WIRE – Novel Treatments in Renal Cell Cancer

Overview

Evaluation of proof of mechanism with relation to ktrans and/or CD8 count when 3 different IMPs are given as monotherapy or as combination therapy. These would be administered in the "window of opportunity", prior to nephrectomy in surgically resectable renal cell cancer

Full Title of Study: “WIndow of Opportunity Clinical Trials Platform for Evaluation of Novel Treatments Strategies in REnal Cell Cancer”

Study Type

  • Study Type: Interventional
  • Study Design
    • Allocation: Non-Randomized
    • Intervention Model: Sequential Assignment
    • Primary Purpose: Basic Science
    • Masking: None (Open Label)
  • Study Primary Completion Date: November 30, 2025

Detailed Description

A Phase 2, multi-arm, multicentre, non-randomised, proof-of-mechanism (single and combination IMPs) trial using a Bayesian adaptive design. A multi-centre trial. 2 centres initially planned – this may be reduced or increased in order to recruit the required number of participants. Up to sixty (60) patients with surgically resectable renal cell cancer (Stage M0/M1). Up to twelve (12) participants will be registered for each of the single treatment arms and up to twenty (20) participants for the combination treatment arm(s) as per the Bayesian adaptive design.

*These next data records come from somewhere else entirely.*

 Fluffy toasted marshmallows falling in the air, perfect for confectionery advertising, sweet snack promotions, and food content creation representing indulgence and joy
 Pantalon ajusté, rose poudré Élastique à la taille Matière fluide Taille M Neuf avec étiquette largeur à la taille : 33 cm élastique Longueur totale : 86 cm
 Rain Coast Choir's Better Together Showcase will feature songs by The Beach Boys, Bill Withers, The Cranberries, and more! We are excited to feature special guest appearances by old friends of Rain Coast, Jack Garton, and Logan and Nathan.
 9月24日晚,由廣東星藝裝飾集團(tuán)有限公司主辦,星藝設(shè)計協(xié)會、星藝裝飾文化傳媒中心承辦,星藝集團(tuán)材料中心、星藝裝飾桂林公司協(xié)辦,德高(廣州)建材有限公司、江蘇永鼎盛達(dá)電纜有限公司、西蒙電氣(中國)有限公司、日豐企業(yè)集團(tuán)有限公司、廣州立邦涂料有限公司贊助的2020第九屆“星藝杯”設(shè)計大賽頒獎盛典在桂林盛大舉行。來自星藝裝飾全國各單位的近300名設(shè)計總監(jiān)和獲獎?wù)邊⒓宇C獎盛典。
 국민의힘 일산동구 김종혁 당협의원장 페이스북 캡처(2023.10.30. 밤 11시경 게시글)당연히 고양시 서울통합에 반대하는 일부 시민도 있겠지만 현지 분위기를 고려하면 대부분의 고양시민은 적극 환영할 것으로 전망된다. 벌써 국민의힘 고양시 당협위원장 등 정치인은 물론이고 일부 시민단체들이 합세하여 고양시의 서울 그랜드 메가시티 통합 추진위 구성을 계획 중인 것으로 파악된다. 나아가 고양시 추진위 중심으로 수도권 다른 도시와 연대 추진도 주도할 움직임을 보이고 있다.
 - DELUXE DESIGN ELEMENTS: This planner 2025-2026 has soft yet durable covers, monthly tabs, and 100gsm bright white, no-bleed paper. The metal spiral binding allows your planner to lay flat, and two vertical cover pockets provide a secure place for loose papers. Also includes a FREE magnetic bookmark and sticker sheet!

The trial duration consists of a 28 day screening period, a minimum of 2 weeks oral IMP (Olaparib and/or Cediranib) treatment or a single dose of durvalumab alone or in combination in the window-of-opportunity period prior to surgery (nephrectomy or partial nephrectomy) performed as standard of care. Participants will continue oral IMP treatment up until surgery (stopping when indicated for surgical safety reasons). As such treatment duration will be variable and an optional 21 day telephone assessment will take place for patients who remain on IMP. Patients will then be reviewed in the surgical follow-up clinic at 6 weeks and 3 months post-surgery as standard of care. For patients on monotherapy or combination Olaparib and Cediranib IMP, response will be measured using DCE-MRI (Ktrans), defining reduced tumour capillary permeability. For patients on monotherapy Durvalumab, or combination Olaparib and Durvalumab, response will be measured using CD8 positive T cells. Additional safety outcomes will be assessed, along with the tumour response and various biological measures that would indicate drug mechanistic response.

Interventions

  • Drug: Olaparib
    • Olaparib 300mg twice daily, oral medication administered for at least 2 weeks and up until the morning of nephrectomy. Arms 2, 3 and 5
  • Drug: Cediranib
    • Cediranib 20mg once daily, oral medication administered for at least 2 weeks until 36 hours prior to nephrectomy. Arms 1 and 3
  • Drug: Durvalumab
    • Durvalumab 1500mg intravenous infusion administered once, no greater than 4 weeks prior to nephrectomy

Arms, Groups and Cohorts

  • Experimental: Arm 1- Cediranib
    • Cediranib tablet oral 20mg once daily for a minimum of 2 weeks up until 36 hours before nephrectomy.
  • Experimental: Arm 2- Olaparib
    • Olaparib tablet oral 300mg twice daily for a minimum of 2 weeks up until the morning of nephrectomy.
  • Active Comparator: Arm 3- Olaparib and Cediranib
    • Olaparib tablet oral 300mg twice daily for a minimum of 2 weeks up until the morning of nephrectomy AND Cediranib tablet oral 20mg once daily for a minimum of 2 weeks up until 36 hours before nephrectomy.
  • Experimental: Arm 4- Durvalumab
    • Durvalumab 1500mg intravenous infusion once, a maximum of 4 weeks prior to nephrectomy.
  • Active Comparator: Arm 5- Olaparib and Durvalumab
    • Olaparib tablet oral 300mg twice daily for a minimum of 2 weeks up until the morning of nephrectomy. Durvalumab 1500mg intravenous infusion once, a maximum of 4 weeks prior to nephrectomy.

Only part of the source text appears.